I'm talking about this: $$f(x) = f(a)*f^1(a)^{(x-a)}*f^2(a)^{\frac{(x-a)^2}{2!}}*f^3(a)^{\frac{(x-a)^3}{3!}}*................$$ By $f^n(a)$, I mean the nth geometric derivative of $f(x)$ at x=a. Look for multiplicative calculus on wikipedia: https://en.wikipedia.org/wiki/Multiplicative_calculus For those who don't know, the first geometric derivative of a function is $$f^1(x)=e^{\frac{f^{'}x}{f(x)}}$$, where $f^{'}x$ is the usual derivative of the function. Similarly, The second geometric derivative of a function is the geometric derivative of the first geometric derivative of the function, etc.

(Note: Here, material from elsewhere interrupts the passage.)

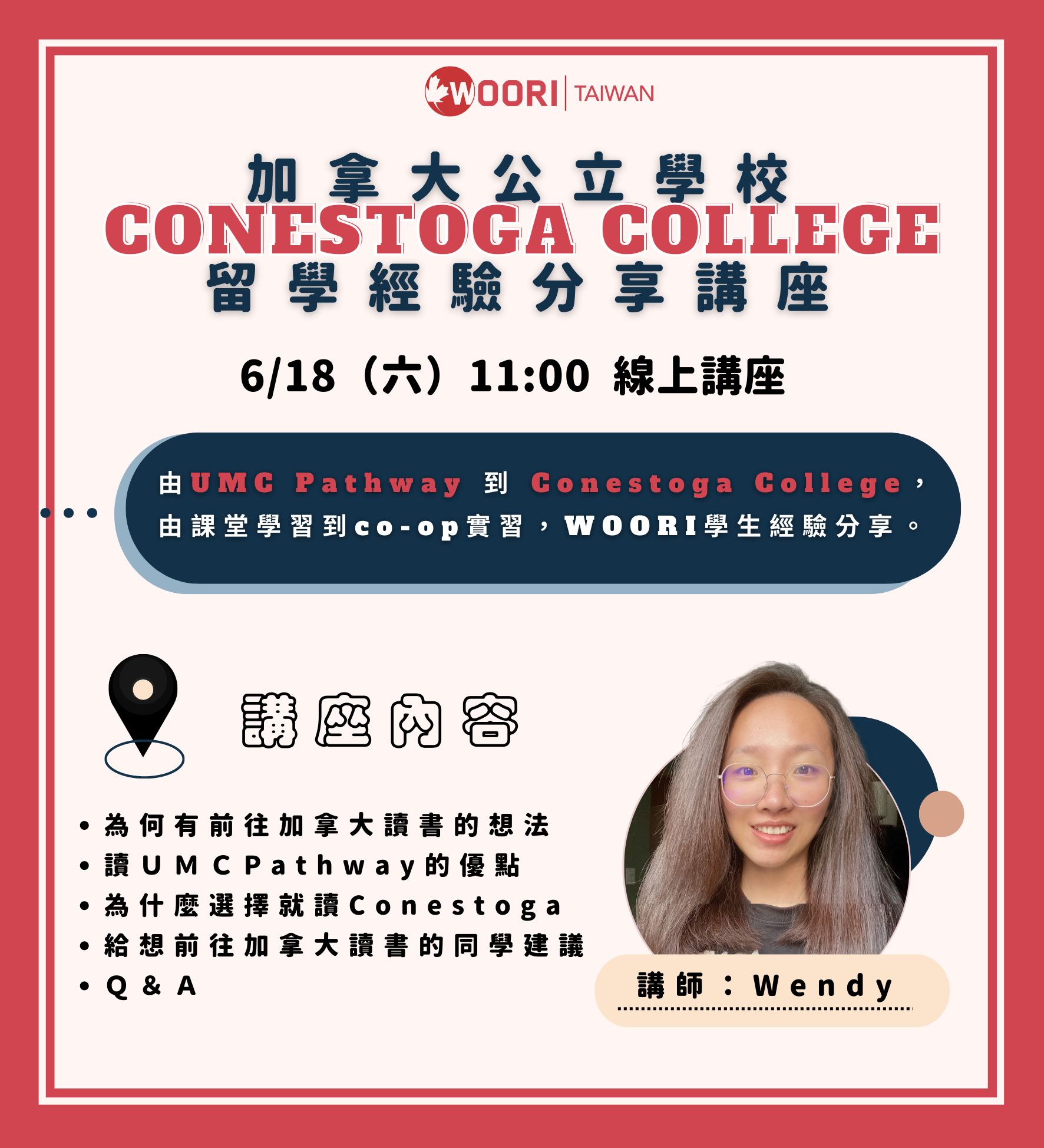 由UMC Pathway到Conestoga College,由課堂學習到Co-op實習,本次邀請過去通過WOORI申請的學生 - Wendy 分享Pathway課程及Conestoga學院留學經驗分享,目前Conestoga就讀的她同時也會分享Co-op實習的經驗!

Have I got this series correct?
Is this series of any use like the Taylor series? I think maybe it converges more quickly. I know that it involves exponents, so it won't always be defined. But I think the farther terms of this series get close to 1 more quickly than the higher power terms in Taylor series get closer to 0.
Indeed it is! Many functions are better approximated by their multiplicative Taylor polynomials than by their linear ones. Take a look at pages 4 and 5 (aka 67 and 68) of this paper detailing possible applications to biomedical image analysis.
And yes, your formula looks to be correct according to that paper.